Indian Property Rights - Leonard P. Liggio, Literature of Liberty, April/June 1978, vol. 1, No. 2 [1978]

Edition used:

Literature of Liberty: A Review of Contemporary Liberal Thought was published first by the Cato Institute (1978-1979) and later by the Institute for Humane Studies (1980-1982) under the editorial direction of Leonard P. Liggio.

Part of: Literature of Liberty: A Review of Contemporary Liberal Thought, 20 vols. 19781-982

About Liberty Fund:

Liberty Fund, Inc. is a private, educational foundation established to encourage the study of the ideal of a society of free and responsible individuals.


Indian Property Rights

David Lyons

  • Cornell University

“The New Indian Claims and Original Rights to Land.” Social Theory and Practice 4 (1977): 249–272.

Current Indian tribal claims to their ancestral lands should not be based upon historical land entitlement principles, but rather upon what Robert Nozick has called end-state principles. The justification for this conclusion is to be found in Nozick's version of what he calls the Lockean proviso. By conceding with Locke that property rights ought to be limited in order to recognize the moral priority of human need, Nozick has introduced a competing principle of social justice. If this principle is consistently applied, it under-cuts the principles of justice both in acquisition and in transfer and, thereby, invalidates the whole entitlement basis of rights claims.

Nozick does not allow unlimited liberty in either the initial appropriation or the subsequent transfer of property, but qualifies both by specifying that initial appropriation must not worsen the situation of others. This limitation upon initial acquisition has implications for subsequent transfers. For, if a later acquisition worsens the conditions of some, it does so because of the previous acquisitions of others. Therefore, even current entitlements based upon past just appropriations must bend before Nozick's Lockean proviso. If present holdings are subject to involuntary transfers because of violations of Nozick's Lockean proviso, then inheritance (a type of transgenerational voluntary transfer) should be equally subject to regulation by that proviso. Hence, not entitlement but “need” ought to serve as the basis for current property claims flowing out of past injustices.

One may conclude that past injustices against Native Americans constitute the historical causes of, but not the moral sanction for, present Indian claims. These claims ought to be founded on the morally more significant principle embodied in the Lockean proviso.
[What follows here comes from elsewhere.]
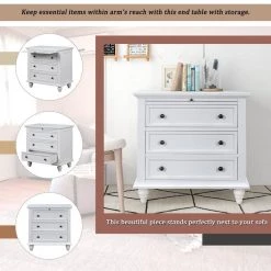 3-Drawer White Nightstand (28.1 in x 28 in x 16.9 in) by JASMODER

Finally, all property claims should be systematically regulated by a body of positive law whose foundation is that proviso instead of some set of Lockean natural rights.

In public policy terms, Indians deserve monetary compensation for past violations of the federal government's Indian Nonintercourse Act (1790), which promised security to Native Americans against fraudulent seizure of Indian land. Current Indian land claims should not invoke an original and inheritable right to the land. Rather Indians should claim to be rectifying current inequalities and lack of their fair share of American resources together with social and economic opportunities. Society at large owes the modern Indian tribes a collective debt but not necessarily in the form of land or restored “rights” to property. Property rights are not sacrosanct when they are invoked to defend unjust holdings. They must yield to the moral claims of the needs of humans in the spirit of Locke's proviso.

The article demonstrates the incompatibility of entitlement principles with the so-called Lockean proviso which is itself an end-state principle; hence the internal inconsistency of Nozickian libertarianism.